**EXTRACTED RECORDS:**
Segment Open

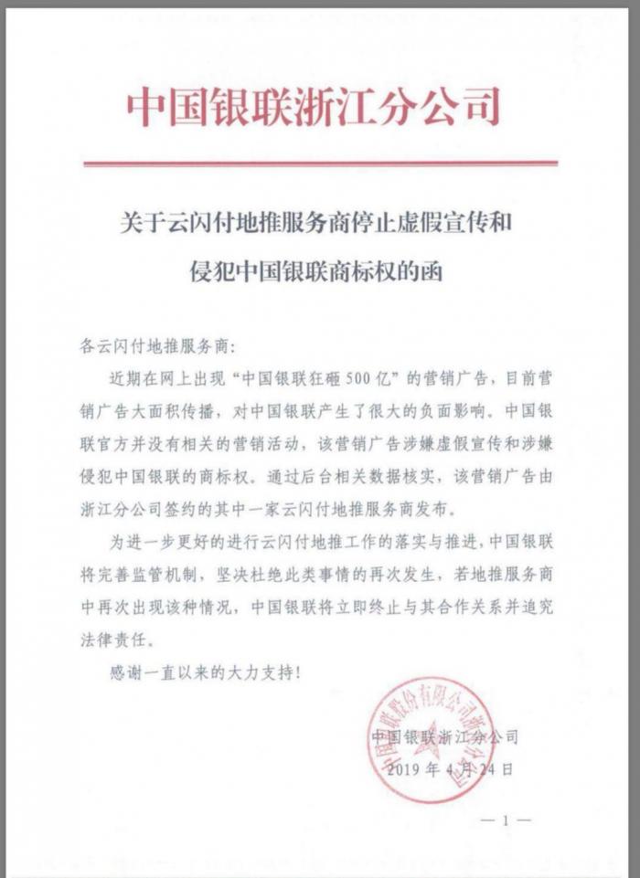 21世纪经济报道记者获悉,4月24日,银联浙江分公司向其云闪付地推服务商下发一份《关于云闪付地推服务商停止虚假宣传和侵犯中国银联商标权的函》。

Segment Closed
Segment Open

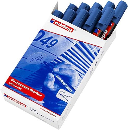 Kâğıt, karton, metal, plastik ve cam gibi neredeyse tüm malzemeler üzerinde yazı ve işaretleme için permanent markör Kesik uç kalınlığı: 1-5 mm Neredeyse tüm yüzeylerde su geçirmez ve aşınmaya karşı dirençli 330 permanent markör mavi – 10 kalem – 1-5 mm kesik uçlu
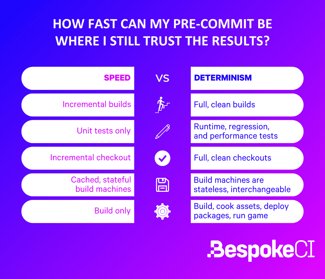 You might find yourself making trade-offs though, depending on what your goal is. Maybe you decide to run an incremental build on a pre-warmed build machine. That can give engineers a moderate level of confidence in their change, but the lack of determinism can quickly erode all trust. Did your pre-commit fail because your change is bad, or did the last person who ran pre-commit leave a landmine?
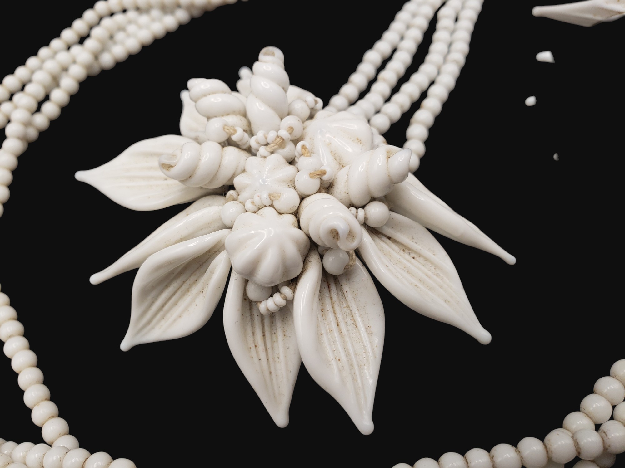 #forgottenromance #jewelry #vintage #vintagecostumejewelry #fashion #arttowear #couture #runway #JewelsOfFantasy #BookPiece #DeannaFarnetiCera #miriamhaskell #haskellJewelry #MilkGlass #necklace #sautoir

Segment Closed

Between and including the line above that contains "Kâğıt, karton, metal, plastik" and the line that contains "#forgottenromance #jewelry #vintage", restate every line word for word. Pictures stay out.

 Kâğıt, karton, metal, plastik ve cam gibi neredeyse tüm malzemeler üzerinde yazı ve işaretleme için permanent markör Kesik uç kalınlığı: 1-5 mm Neredeyse tüm yüzeylerde su geçirmez ve aşınmaya karşı dirençli 330 permanent markör mavi – 10 kalem – 1-5 mm kesik uçlu
 You might find yourself making trade-offs though, depending on what your goal is. Maybe you decide to run an incremental build on a pre-warmed build machine. That can give engineers a moderate level of confidence in their change, but the lack of determinism can quickly erode all trust. Did your pre-commit fail because your change is bad, or did the last person who ran pre-commit leave a landmine?
 #forgottenromance #jewelry #vintage #vintagecostumejewelry #fashion #arttowear #couture #runway #JewelsOfFantasy #BookPiece #DeannaFarnetiCera #miriamhaskell #haskellJewelry #MilkGlass #necklace #sautoir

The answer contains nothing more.